**Data extract**
━━━━━━

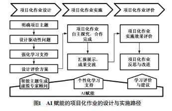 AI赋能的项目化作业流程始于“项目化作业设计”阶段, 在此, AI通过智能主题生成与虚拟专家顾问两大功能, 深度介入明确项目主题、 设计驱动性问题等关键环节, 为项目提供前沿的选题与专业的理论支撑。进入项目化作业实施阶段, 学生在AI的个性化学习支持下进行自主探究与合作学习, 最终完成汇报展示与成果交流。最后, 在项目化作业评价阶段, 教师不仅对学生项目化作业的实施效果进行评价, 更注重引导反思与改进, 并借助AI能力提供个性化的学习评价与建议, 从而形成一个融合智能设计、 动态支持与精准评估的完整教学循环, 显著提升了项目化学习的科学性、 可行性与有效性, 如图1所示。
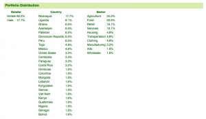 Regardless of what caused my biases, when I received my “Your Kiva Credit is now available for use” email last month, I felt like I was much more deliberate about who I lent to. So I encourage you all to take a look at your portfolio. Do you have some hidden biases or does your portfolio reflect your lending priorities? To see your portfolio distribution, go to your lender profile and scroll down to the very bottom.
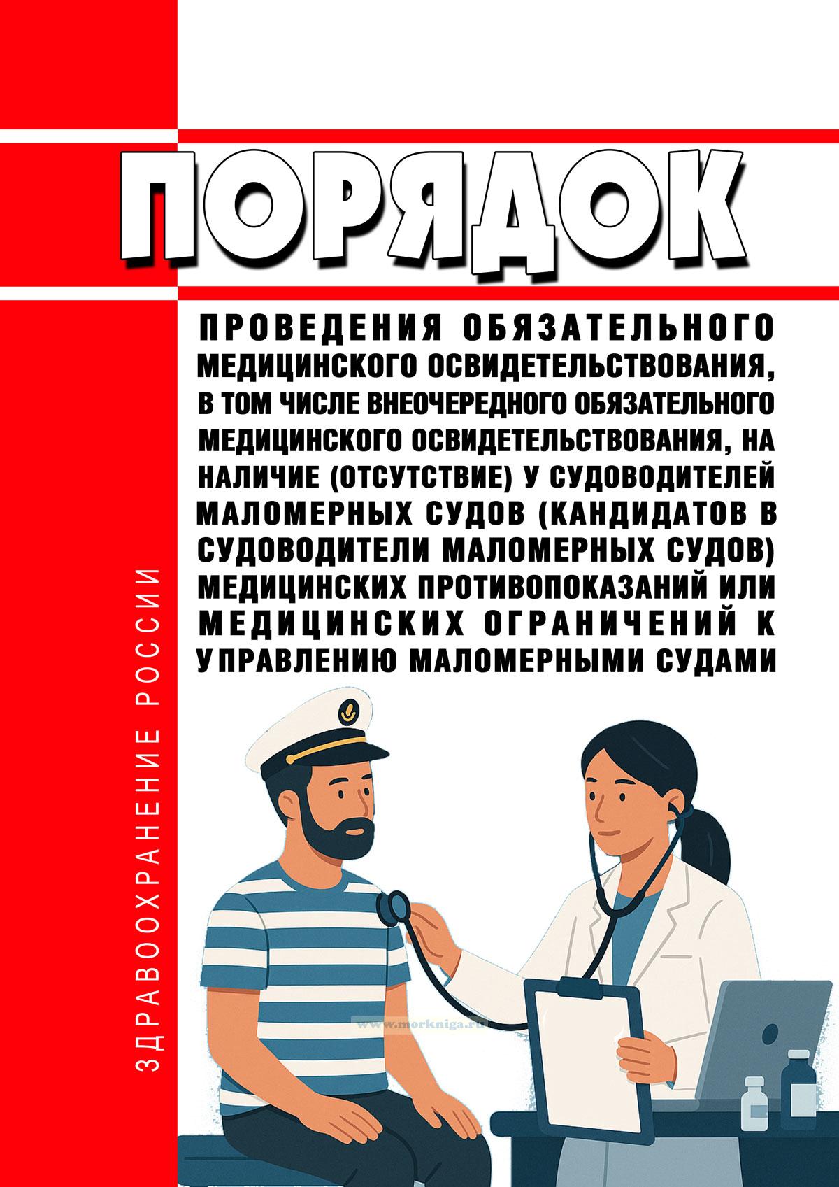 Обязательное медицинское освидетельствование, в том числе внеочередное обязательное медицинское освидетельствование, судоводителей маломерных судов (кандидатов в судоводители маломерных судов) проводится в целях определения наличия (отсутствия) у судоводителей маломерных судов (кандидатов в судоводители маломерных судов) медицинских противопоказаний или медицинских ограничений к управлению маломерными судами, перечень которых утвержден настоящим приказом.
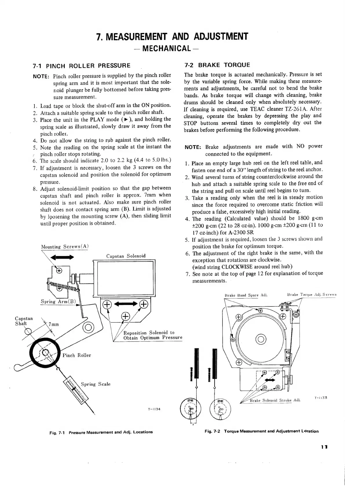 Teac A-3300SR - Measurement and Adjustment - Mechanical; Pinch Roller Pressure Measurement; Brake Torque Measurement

━━━━━━

**Prompt**
Reproduce, exactly and without pictures, the lines above from the one containing "Regardless of what" through the last line of the material, both ends included, and nothing more.

**Result of this task**
 Regardless of what caused my biases, when I received my “Your Kiva Credit is now available for use” email last month, I felt like I was much more deliberate about who I lent to. So I encourage you all to take a look at your portfolio. Do you have some hidden biases or does your portfolio reflect your lending priorities? To see your portfolio distribution, go to your lender profile and scroll down to the very bottom.
 Обязательное медицинское освидетельствование, в том числе внеочередное обязательное медицинское освидетельствование, судоводителей маломерных судов (кандидатов в судоводители маломерных судов) проводится в целях определения наличия (отсутствия) у судоводителей маломерных судов (кандидатов в судоводители маломерных судов) медицинских противопоказаний или медицинских ограничений к управлению маломерными судами, перечень которых утвержден настоящим приказом.
 Teac A-3300SR - Measurement and Adjustment - Mechanical; Pinch Roller Pressure Measurement; Brake Torque Measurement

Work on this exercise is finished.